- **Task goal**
The material below holds pictures, which are to be left out; copy exactly the lines from the one with "8、新建一个图层,按Ctrl + Alt" through the one with "is a charming".

- **Materials provided**
────────────────

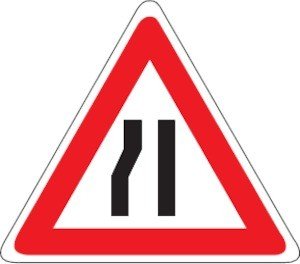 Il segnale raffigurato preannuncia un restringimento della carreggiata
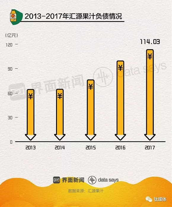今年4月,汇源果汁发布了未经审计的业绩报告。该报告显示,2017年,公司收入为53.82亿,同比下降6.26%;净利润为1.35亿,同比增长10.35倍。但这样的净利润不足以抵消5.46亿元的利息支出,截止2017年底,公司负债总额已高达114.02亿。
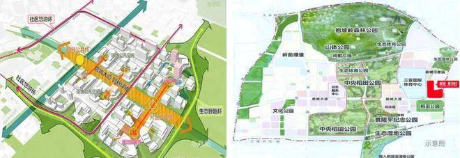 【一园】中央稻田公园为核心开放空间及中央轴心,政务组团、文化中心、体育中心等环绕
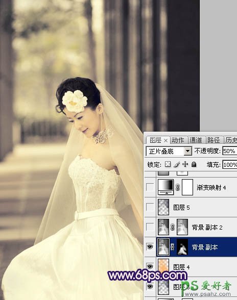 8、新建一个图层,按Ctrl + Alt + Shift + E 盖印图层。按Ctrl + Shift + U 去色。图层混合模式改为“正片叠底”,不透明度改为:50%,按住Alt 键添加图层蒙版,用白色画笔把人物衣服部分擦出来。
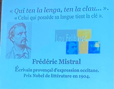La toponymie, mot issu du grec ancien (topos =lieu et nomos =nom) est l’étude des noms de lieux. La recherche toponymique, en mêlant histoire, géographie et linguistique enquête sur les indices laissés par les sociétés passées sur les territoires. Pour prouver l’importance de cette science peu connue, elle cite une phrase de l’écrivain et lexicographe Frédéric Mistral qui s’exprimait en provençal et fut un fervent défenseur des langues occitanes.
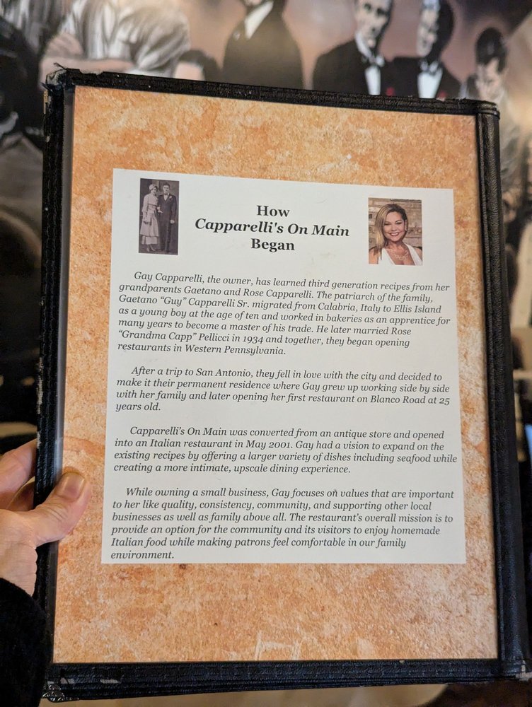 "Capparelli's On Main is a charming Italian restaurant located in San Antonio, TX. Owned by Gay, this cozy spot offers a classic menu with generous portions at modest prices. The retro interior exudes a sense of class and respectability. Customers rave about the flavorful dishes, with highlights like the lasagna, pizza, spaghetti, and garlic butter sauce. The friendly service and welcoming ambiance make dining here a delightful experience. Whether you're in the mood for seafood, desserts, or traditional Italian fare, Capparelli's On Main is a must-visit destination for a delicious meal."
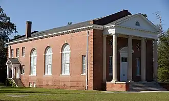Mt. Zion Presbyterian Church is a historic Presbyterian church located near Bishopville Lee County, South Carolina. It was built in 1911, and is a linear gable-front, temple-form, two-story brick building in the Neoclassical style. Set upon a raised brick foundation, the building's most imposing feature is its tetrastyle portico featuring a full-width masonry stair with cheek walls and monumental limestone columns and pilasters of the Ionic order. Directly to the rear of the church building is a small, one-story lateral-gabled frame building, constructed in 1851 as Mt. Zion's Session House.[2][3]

────────────────

- **Your solution**
 8、新建一个图层,按Ctrl + Alt + Shift + E 盖印图层。按Ctrl + Shift + U 去色。图层混合模式改为“正片叠底”,不透明度改为:50%,按住Alt 键添加图层蒙版,用白色画笔把人物衣服部分擦出来。
La toponymie, mot issu du grec ancien (topos =lieu et nomos =nom) est l’étude des noms de lieux. La recherche toponymique, en mêlant histoire, géographie et linguistique enquête sur les indices laissés par les sociétés passées sur les territoires. Pour prouver l’importance de cette science peu connue, elle cite une phrase de l’écrivain et lexicographe Frédéric Mistral qui s’exprimait en provençal et fut un fervent défenseur des langues occitanes.
 "Capparelli's On Main is a charming Italian restaurant located in San Antonio, TX. Owned by Gay, this cozy spot offers a classic menu with generous portions at modest prices. The retro interior exudes a sense of class and respectability. Customers rave about the flavorful dishes, with highlights like the lasagna, pizza, spaghetti, and garlic butter sauce. The friendly service and welcoming ambiance make dining here a delightful experience. Whether you're in the mood for seafood, desserts, or traditional Italian fare, Capparelli's On Main is a must-visit destination for a delicious meal."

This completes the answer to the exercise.